JAKARTA-KEMPALAN: Ketua Dewan Perwakilan Rakyat Republik Indonesia yang juga menjadi Ketua Bidang Politik dan Keamanan Dewan Pengurus Pusat Partai Demokrasi Indonesia Perjuangan Puan Maharani menjadi sorotan publik lagi berkenaan dengan sindirannya mengenai pemimpin yang ia sampaikan dalam sebuah acara di Wonogiri, Jawa Tengah.
Sindiran Puan itu disampaikan ketika memberikan sambutan pada acara kantor Dewan Perwakilan Cabang PDIP Wonogiri pada Selasa (26/4) yang mana ia berbicara mengenai pemimpin yang cinta Indonesia dan mau untuk bergotong royong.
“Saya minta itu adalah kembalilah ke jati diri akar Indonesia. Pilihlah orang yang betul-betul cinta Indonesia, dukung orang yang memang mau bergotong-royong untuk membangun bangsa ini bersama,” kata Puan di hadapan kader PDIP seperti yang dikutip Kempalan dari Detik.
Ketua DPR RI tersebut menguraikan alasannya mengajak kader partai berlambang banteng itu agar memilih pemimpin yang benar-benar mencintai Indonesia, karena menurut Puan, sekarang banyak masyarakat yang memilih pemimpin dengan asal-asalan bersumber dari media sosial.
“Kenapa saya ngomong ini?
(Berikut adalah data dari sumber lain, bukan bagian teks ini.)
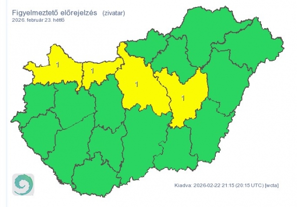 Zivatar alakulhat ki több vármegyében, az elsődleges veszélyforrást a villámlás jelenti, emellett esetenként szélerősödés, jégeső előfordulhat!

Kadang-kadang sekarang kita ini suka ‘yo weslah dia saja asal ganteng, dia saja yang dipilih asal bukan perempuan, yo wes dia saja walau nggak iso opo-opo tapi yang penting dia itu kalau di socmed, di TV itu nyenengin‘, tapi kemudian nggak bisa kerja, nggak deket rakyat,” tuturnya.
Ia mengingatkan supaya tak memilih para pemimpin yang hanya terlihat di media massa atau media sosial serta mengimbau kader PDIP untuk memilih pemimpin yang turun ‘ke bawah’ lalu menyerap dan merealisasikan aspirasi masyarakat, jangan asal pilih karena kelihatan di panggung.
Sementara itu, politisi PDIP Masinton Pasaribu menyampaikan bahwa elektabilitas anak kandung Megawati Soekarnoputri itu meningkat akibat hasil kinerjanya yang sukses memimpin DPR RI yang berasal dari Lembaga Survei Independen dalam bursa calon presiden 2024 yang mana naik hingga mencapai 3,1 persen.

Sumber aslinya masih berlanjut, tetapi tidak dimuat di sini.